DATA EXTRACT —

# # # # # # #

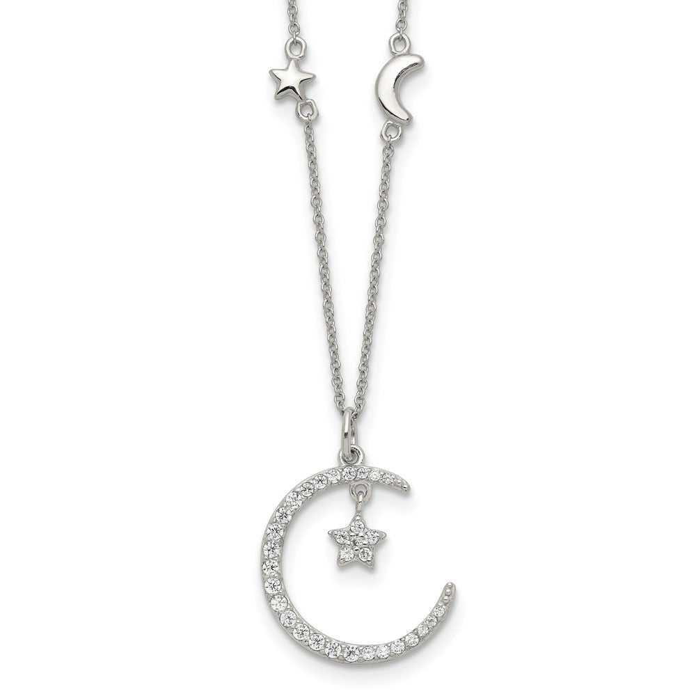 925 Sterling Silver Cubic Zirconia Moon and Star Necklace, 16"
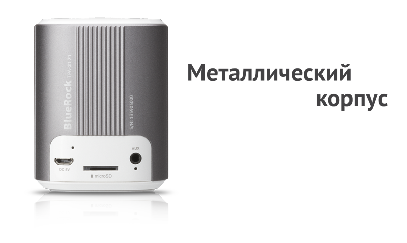 teXet BlueRock первой среди мини-колонок «заговорила» на русском языке. Приятный женский голос голосового меню быстро проведет экскурсию по всем функциональным возможностям новинки. Система подскажет, когда нужно зарядить батарею или прокомментирует действия при нажатии кнопок.
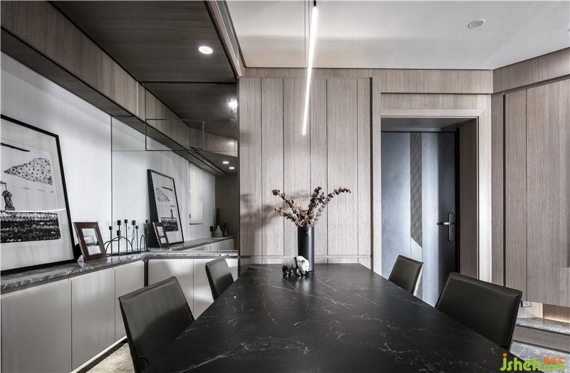 白色紋路的黑色巖板餐桌讓空間提升了一份質(zhì)感,搭配黑色的餐椅、木飾面的背景,以及白色的矮柜,不同的色調(diào),讓空間整體顯得十分協(xié)調(diào),讓餐廳小空間也變得大了起來(lái)。
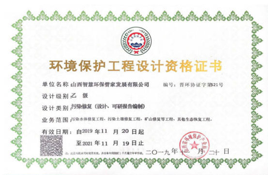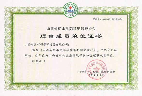 山西省礦山生態(tài)環(huán)境保護協(xié)會理事成員單位證書

# # # # # # #

DIRECTIONS FOR THIS TASK — Please give again, word for word, the lines from the one containing "白色紋路的黑色巖板餐桌讓空間" through the last line of the listing above, inclusive, and leave out pictures.

TASK RESULT —
 白色紋路的黑色巖板餐桌讓空間提升了一份質(zhì)感,搭配黑色的餐椅、木飾面的背景,以及白色的矮柜,不同的色調(diào),讓空間整體顯得十分協(xié)調(diào),讓餐廳小空間也變得大了起來(lái)。
 山西省礦山生態(tài)環(huán)境保護協(xié)會理事成員單位證書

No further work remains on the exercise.